** Provided records follows **

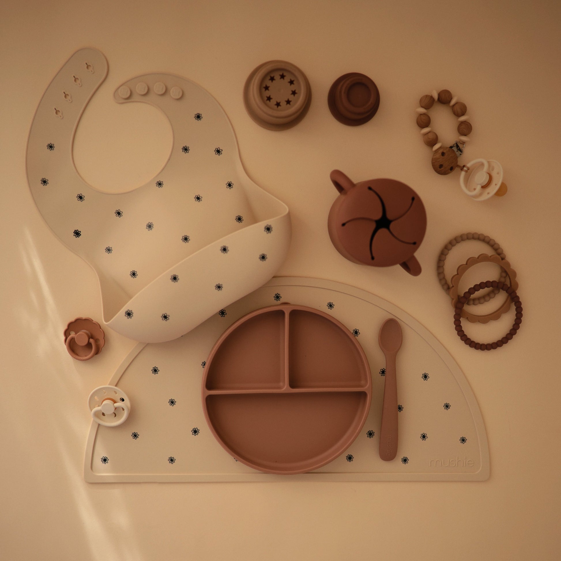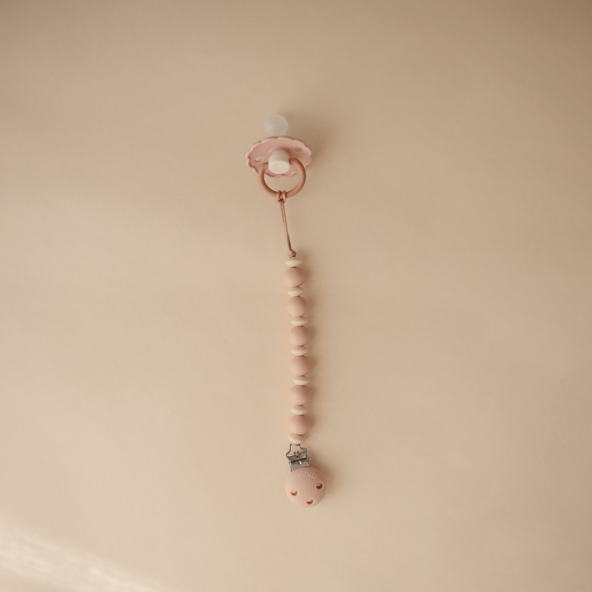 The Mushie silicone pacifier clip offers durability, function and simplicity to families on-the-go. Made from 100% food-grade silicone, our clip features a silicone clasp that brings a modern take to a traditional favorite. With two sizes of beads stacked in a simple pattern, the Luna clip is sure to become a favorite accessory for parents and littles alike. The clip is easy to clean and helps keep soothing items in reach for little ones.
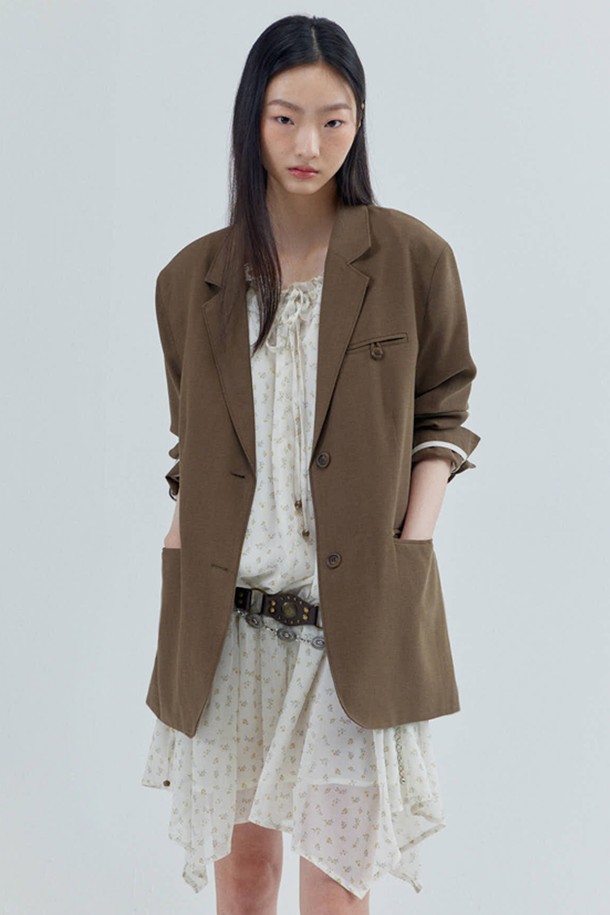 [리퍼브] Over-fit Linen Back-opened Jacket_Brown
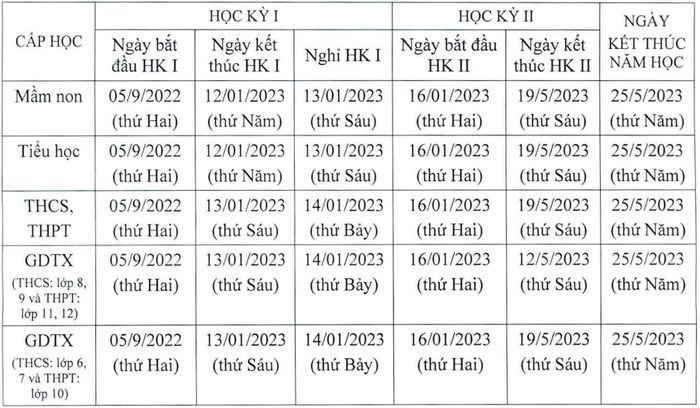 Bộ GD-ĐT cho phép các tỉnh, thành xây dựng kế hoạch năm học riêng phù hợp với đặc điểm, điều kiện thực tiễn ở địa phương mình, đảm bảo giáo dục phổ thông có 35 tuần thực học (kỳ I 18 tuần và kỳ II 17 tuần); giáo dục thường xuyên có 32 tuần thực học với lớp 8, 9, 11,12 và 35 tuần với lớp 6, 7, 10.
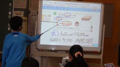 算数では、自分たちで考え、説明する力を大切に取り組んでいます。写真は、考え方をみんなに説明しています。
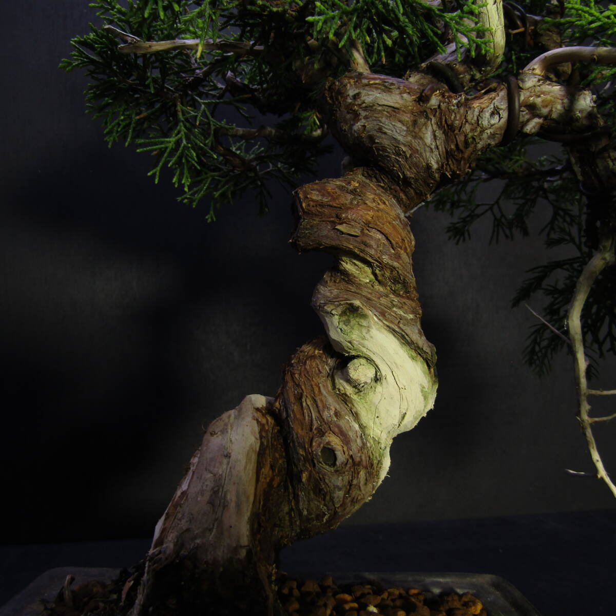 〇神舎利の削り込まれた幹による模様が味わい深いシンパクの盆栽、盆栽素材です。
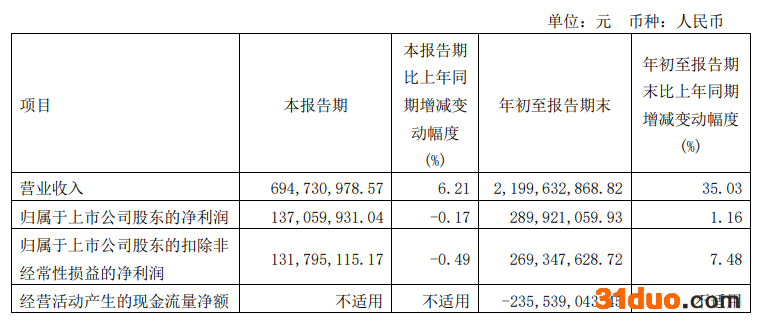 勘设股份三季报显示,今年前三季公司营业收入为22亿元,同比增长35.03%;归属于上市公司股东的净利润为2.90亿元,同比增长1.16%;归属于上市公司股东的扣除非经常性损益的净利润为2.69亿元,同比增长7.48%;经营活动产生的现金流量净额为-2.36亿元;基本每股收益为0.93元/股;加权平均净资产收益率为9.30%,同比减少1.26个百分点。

** End of Provided records **

What this task involves:
The reply should hold an exact repeat of the entries from their opening line through the line with "[리퍼브] Over-fit Linen", and no pictures at all.

Output for this exercise:
 The Mushie silicone pacifier clip offers durability, function and simplicity to families on-the-go. Made from 100% food-grade silicone, our clip features a silicone clasp that brings a modern take to a traditional favorite. With two sizes of beads stacked in a simple pattern, the Luna clip is sure to become a favorite accessory for parents and littles alike. The clip is easy to clean and helps keep soothing items in reach for little ones.
 [리퍼브] Over-fit Linen Back-opened Jacket_Brown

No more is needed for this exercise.